Stored items from a collection.
◇ ◇ ◇ ◇

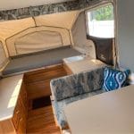 Part canvas construction is what makes it go from a small size while in transit to an ample living space when completely folded out at the destination. Pop-up campers come with a sleeping area, small kitchen.
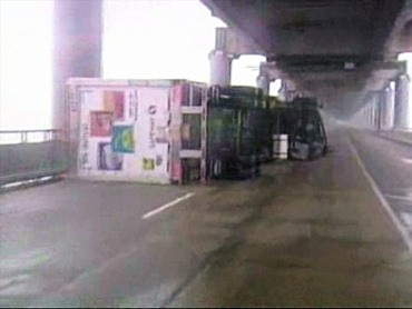 Here is an image of an overturned Safeway truck. It takes hurricane speed winds to do this.
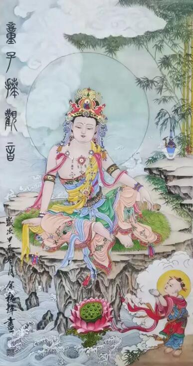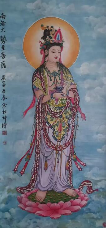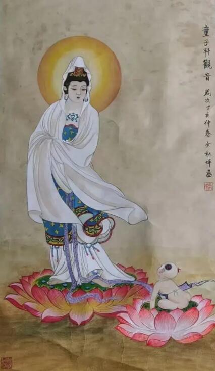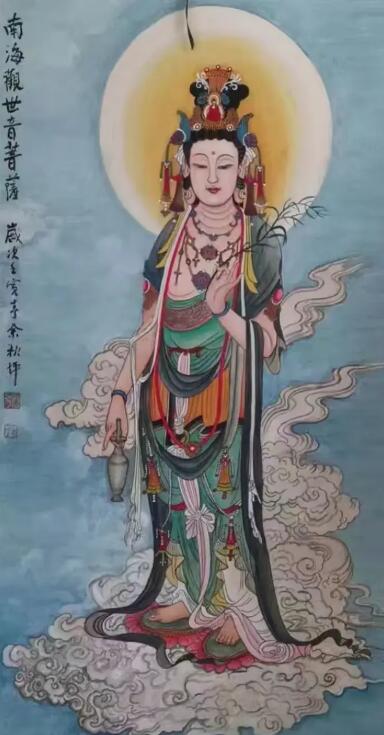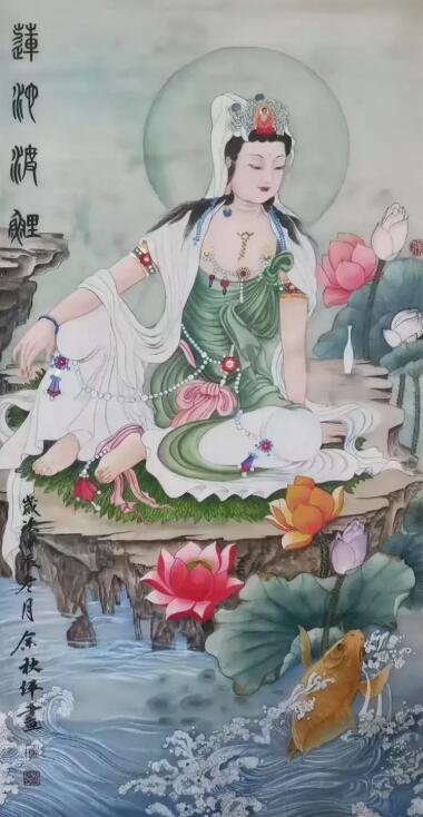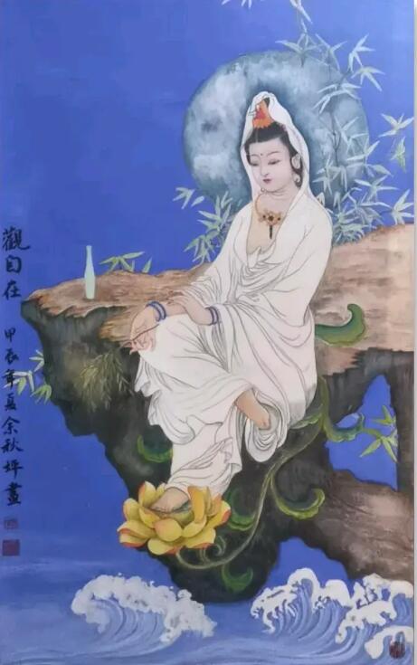 实力派画家余秋坪女士工笔人物画观音像《观音菩萨》图中观音大士笔墨刻画细腻,线条精致,画中的观音面露微笑,刻画出观者的庄严慈悲形象,韵味十足,有呼之欲出之效果,无尽震撼与崇敬令观者油然而生。作者将情感和笔墨相融合,观音上半身像神态自如,仪态端庄,心态怡然。观音形象在画家笔下生动形象地表现出来。而且观音寓意着平安、幸福,远离灾祸,有着美好、吉祥的寓意。是收藏悬挂的佳品,适合挂在茶室、财位、书房等地。
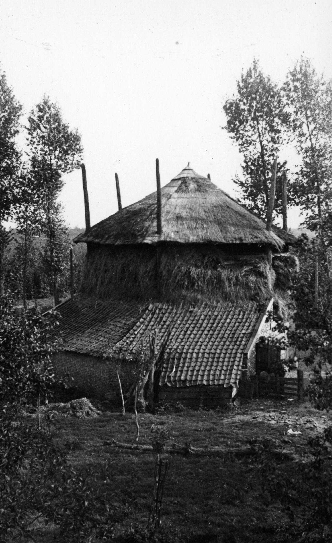 Boerenerf met hooibergen, Rhenen, 1936 (zwart-wit foto)
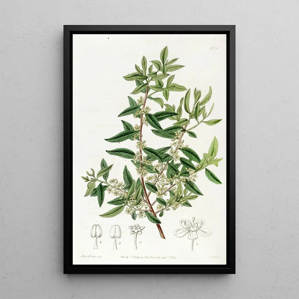 Der Mayten chilien, sorgfältig illustriert von Sydenham Edwards, präsentiert sich als lebendiges Gemälde, das die Schönheit der chilenischen Flora feiert. Die reichen und vielfältigen Farben, von tiefem Grün bis hin zu sanften Beigetönen, spiegeln die Vielfalt der natürlichen Landschaften wider. Die Aquarelltechnik ermöglicht es, die Leichtigkeit der Blätter und die Zartheit der Blumen einzufangen und schafft eine Atmosphäre von Gelassenheit und Frische. Dieses Werk lädt zu einer visuellen Entdeckungsreise ein, bei der jedes botanische Detail hervorgehoben wird und die Komplexität sowie die Harmonie der Natur offenbart. Es wird somit zu einem wahren Tribut an die Vielfalt der Biodiversität.
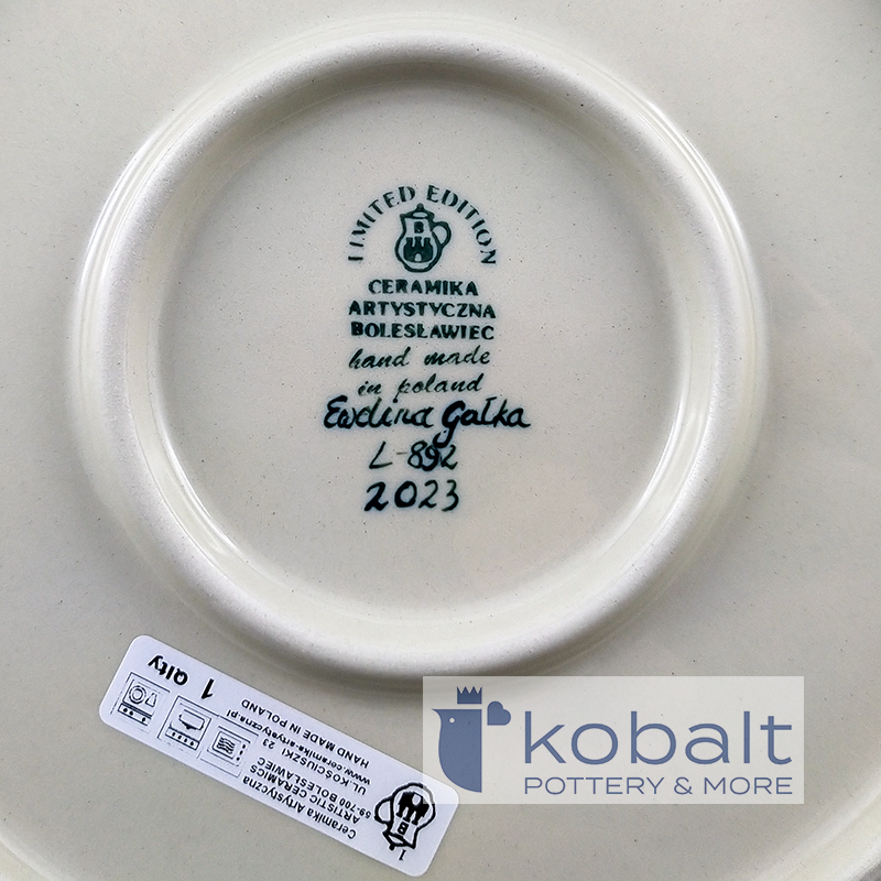 The product is manufactured by Ceramika Artystyczna in Bolesławiec, handmade and painted. This plate comes from the latest Limited Edition collection. It is a real gem for collectors, because only one such copy was made. Ceramics are made of natural stoneware clay. The manufacturer uses only natural dyes. The product is intended for contact with food and has certificates obtained at the AGH University of Science and Technology in Krakow. Dishes can be heated in the microwave, oven and washed in the dishwasher.
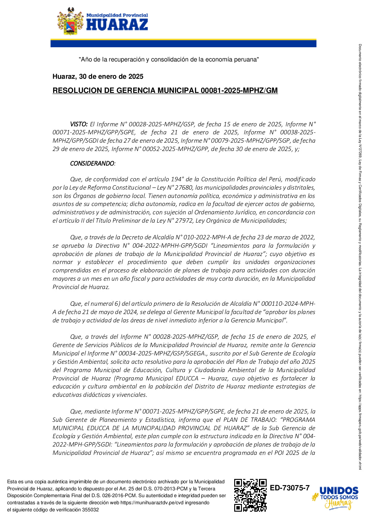 La presente Resolución de Alcaldía aprueba el Plan de Trabajo 2025 del Programa Municipal de Educación, Cultura y Ciudadanía Ambiental de la Municipalidad Provincial de Huaraz - (Áncash), con la finalidad de definir las actividades de educación, cultura y ciudadanía ambiental que se desarrollaran en la localidad durante el presente año.
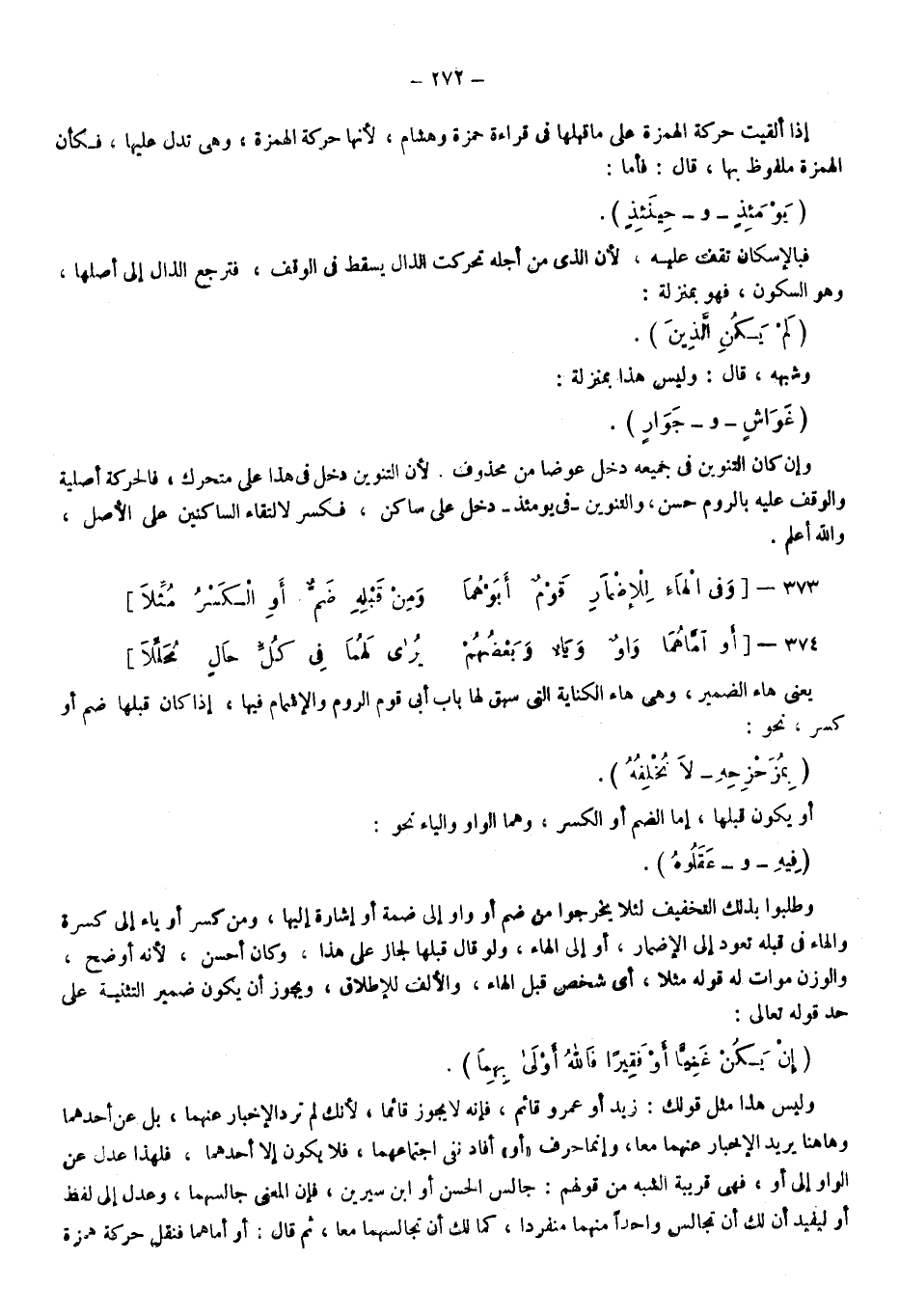 وطلبوا بذلك التخفيف؛ لئلا يخرجوا من ضم أو واو إلى ضمة أو إشارة إليها ومن كسر أو ياء إلى كسرة، والهاء في قبله تعود إلى الإضمار أو إلى الهاء ولو قال قبلها لجاز على هذا وكان أحسن؛ لأنه أوضح والوزن مُواتٍ له، قوله: مثِّلا أي شخّص قبل الهاء والألف للإطلاق، ويجوز أن يكون ضمير التثنية على حد قوله تعالى: {إِنْ يَكُنْ غَنِيًّا أَوْ فَقِيرًا فَاللَّهُ أَوْلَى بِهِمَا} .
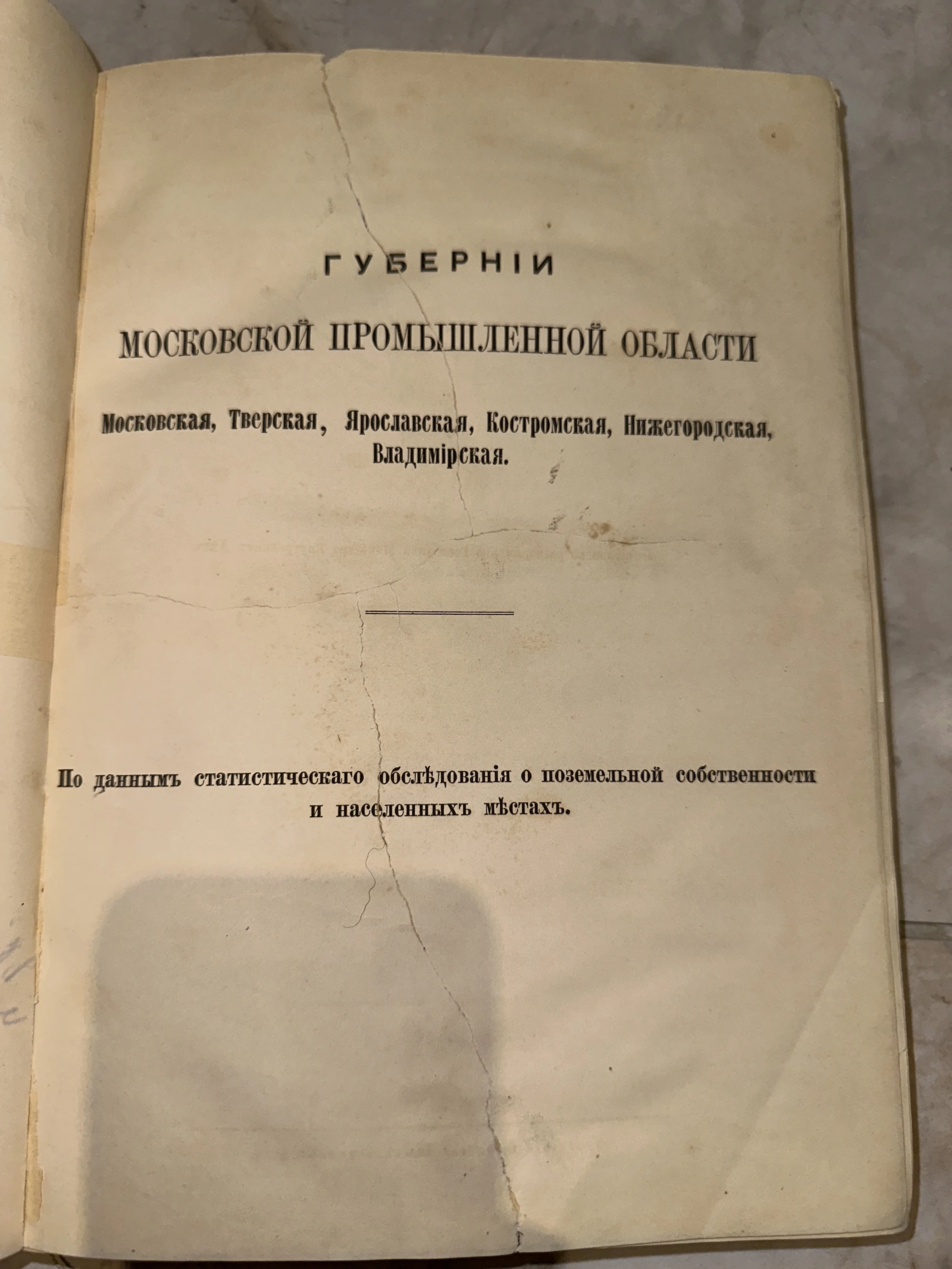 Титульный лист старинного издания о поземельной собственности и населенных местах Московской, Тверской, Ярославской и других губерний.
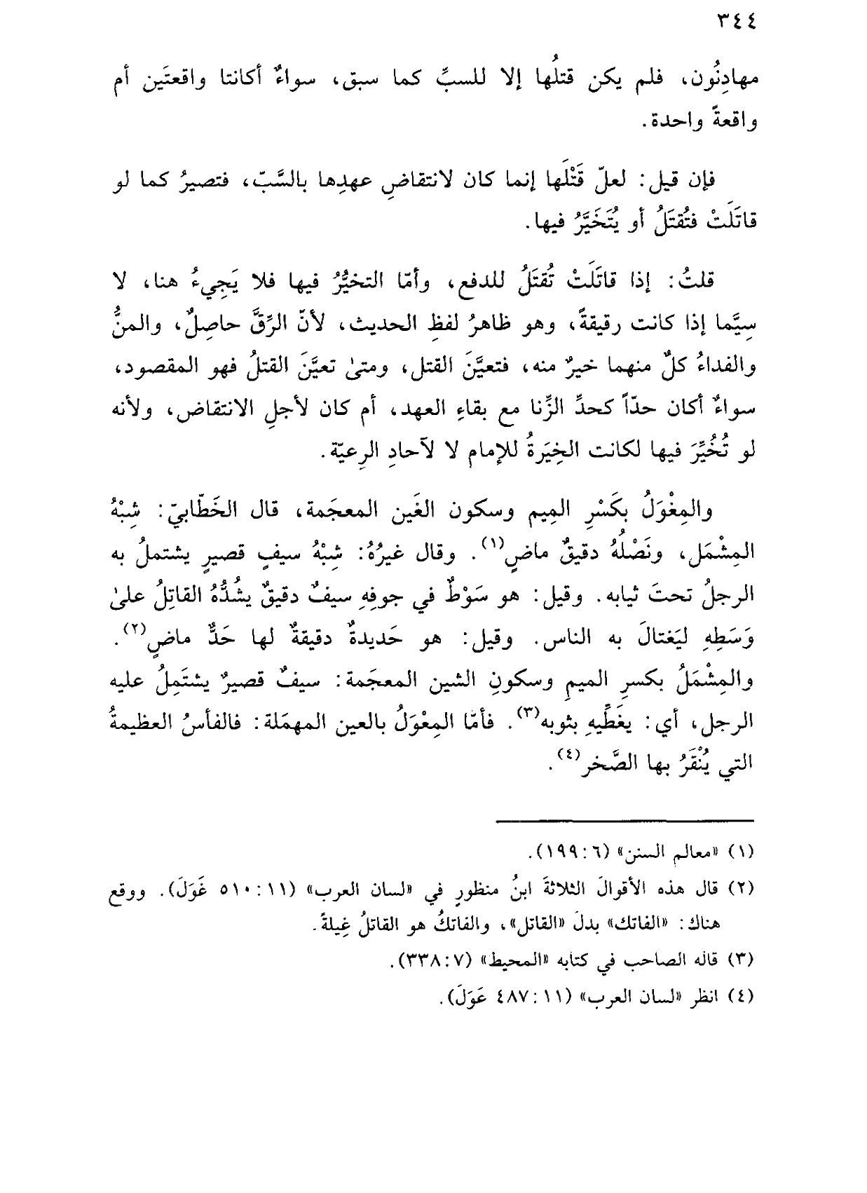 والمغول بكسر الميم وسكون الغين المعجمة، قال الخطابي: شبه المشمل، ونصله دقيق ماض. وقال غيره: شبه سيف قصير يشتمل به الرجل تحت ثيابه. وقيل: هو سوط في جوفه سيف دقيق يشده القاتل على وسطه ليغتال به الناس. وقيل: هو حديدة دقيقة لها حد ماض. والمشمل بكسر الميم وسكون الشين المعجمة: سيف قصير يشتمل عليه الرجل، أي يغطيه بثوبه. فأما المِعْوَلُ بالعين المهملة: فالفأس العظيمة التي ينقر بها الصخر.

◇ ◇ ◇ ◇

Your goal.
Hand back the exact lines from the start of the entries to the line with "Here is an image", both ends kept and pictures left out.

Answer area.
 Part canvas construction is what makes it go from a small size while in transit to an ample living space when completely folded out at the destination. Pop-up campers come with a sleeping area, small kitchen.
 Here is an image of an overturned Safeway truck. It takes hurricane speed winds to do this.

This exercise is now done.